This year, each installment of the Galim newsletter will feature one individual whose work and activism significantly impact the Jews of Color field and, perhaps, inspire others to do the same. These features will also show how programs and supports within the Jewish organizational ecosystem helped to enable the individual to have the impact they do today. The JoCI is extremely excited to begin the new year by featuring Yoshi Silverstein, whose rich experiences in the Jewish communal ecosystem have helped him become an effective and thoughtful leader.
Silverstein founded Mitsui Collective, a community-based organization which helps people to fully embody their values through whole-body Jewish learning and practice, with a particular focus on somatic approaches to building antiracist communities and culture. Joyful movement, breathwork, music, and nature connection are just some of the tools Mitsui Collective employs in its workshops and engagements. By establishing a mind-body-soul connection in the struggle against institutional racism, Silverstein and Mitsui Collective represent an exciting new methodology in the fight against racism, and in the JoC field at large.
Growing up, Silverstein knew that in order to make an impact in the Jewish institutional ecosystem he, in large part, had to make his own way through it. His mother is Chinese, and a Jew by Choice, and his father grew up Eastern European Ashkenazi, but hadn’t really participated in Jewish life beyond his bar mitzvah. “As a kid and then teenager, there wasn’t as much Jewish knowledge or cultural immersion [in my family] as others with deeper roots” Silverstein explained. “While my parents were committed to raising a Jewish family, we didn’t have the sort of institutional knowledge or memory that other more established families and communities may have. I’ve been lucky to find all these different fellowships and learning opportunities, but by and large, I’ve had to figure all that out on my own.”
An early experience that made him a lifelong champion of Jewish communal education took place in the Hebrew school program at Silverstein’s childhood synagogue in Spokane, WA — where, he emphasizes, his parents are now both pillars of the community; his father is current Temple president, and his mother has served two separate terms as well. With the encouragement of his Rabbi and Hebrew school teacher, Silverstein discovered his innate skill and fascination with Jewish liturgy and learning. Silverstein then further deepened both his learning and leadership through a range of cohort-based programs in the Jewish community, such as a high school leadership seminar with USY (United Synagogue Youth), and the Cornerstone Fellowship with Foundation for Jewish Camp.
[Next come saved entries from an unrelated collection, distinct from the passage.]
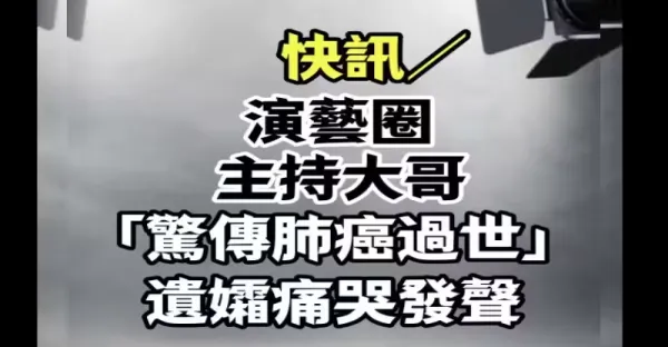 快訊/ 演藝圈主持大哥 「驚傳肺癌過世」 遺孀痛哭發聲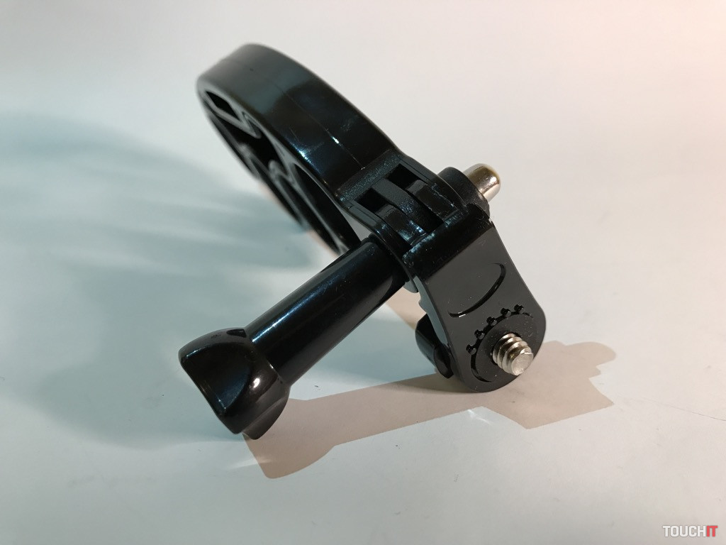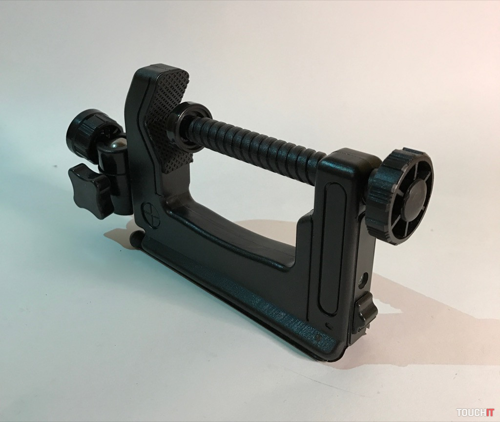 Druhý, menší držiak, je celoplastový, ale taktiež dobre použiteľný. Uchytenie na statív alebo iné príslušenstvo má iba zozadu (1/4“ závit), takže má iné možnosti prispôsobenia. Treba však povedať aj to, že nemá natoľko pevný úchop (strunu) a treba dávať pozor nato, aby z neho zariadenie pri manipulácii nevypadlo. Vhodný je skôr ako záložný, alebo na rôzne iné príslušenstvo – svetlo a pod.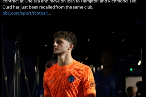 此前,切爾西18歲門將庫德剛剛被俱樂部召回,提前結(jié)束在漢普頓和里士滿的租期。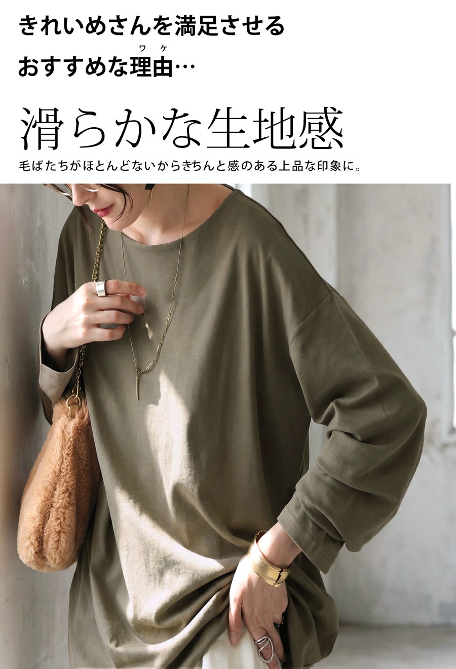 毛羽立ちや毛玉にもなりにくく、毎日の着回しに頼れる一枚です。

“There’s something extremely powerful about peer-to-peer cohort-based learning, which really shapes and frames the learning in a unique way” said Silverstein. “I think that’s a metaphor for all Judaism. And that’s part of our core pedagogy at Mitsui Collective — to learn in chevruta, in deep relationship with other people. Sometimes that’s with text. Sometimes it’s with a tennis ball, or a staff, or in nature. There’s something deeply Jewish about being in a community of practice, which is really what cohort-based learning is all about.”
Silverstein believes he is not alone as a Jew of Color in having to forge one’s own path through Jewish institutions. It wasn’t until he joined an all-JoC cohort of Bend the Arc’s Selah Leadership Program that the powerful potential of building solidarity and belonging with other Jews of Color became clear to him. “I hadn’t realized that in all these other Jewish spaces, I hadn’t been able to bring my full self. All these ways of being Jewish that I had seen [until then] were very subtly missing something, and I didn’t even realize it… Selah helped me bring together all these aspects of my identity and experience that I thought had nothing to do with being Jewish.” He recalled a profound memory of performing a martial arts kata during a talent show in front of his JoC co-fellows. “Looking back, there is actually a clear line between Selah and the work I do at Mitsui Collective, which is all about bringing together embodied learning and somatic experience into Jewish leadership and community building.”
“The power of fully embodying JoC experience is made possible only when JoC are able to congregate and learn from one another’s experiences,” said Silverstein. This means that we must continue to forge a future where all racialized identities can fully embody their Jewishness—to achieve a state of radical belonging where being JoC is “part of how you move and exist in the world… something you don’t even have to think about, because it is so deeply a part of what you are.”
This is by no means a straightforward task. In his time as a Jewish leader, Silverstein’s position in the landscape has revealed to him the complex internal dynamics that arise in JoC spaces, especially as increasing attention is paid to the lack of diversity in the Jewish communal ecosystem. Simultaneously, exciting partnerships and communities are formed as JoC connect with and learn from one another. Silverstein compares this uniquely JoC path of self-discovery leading into community building to the experience of practicing music first alone, and then with a group. “At first, you’re just practicing something in isolation,” he said. “Maybe just a simple chord progression. But then suddenly, you’re playing some music together. And you find these moments of incredible synergy where it all comes together. And you’re like, look at that. I just did it. It was in my fingers. It was in my body and I didn’t have to think about it, it was just there.”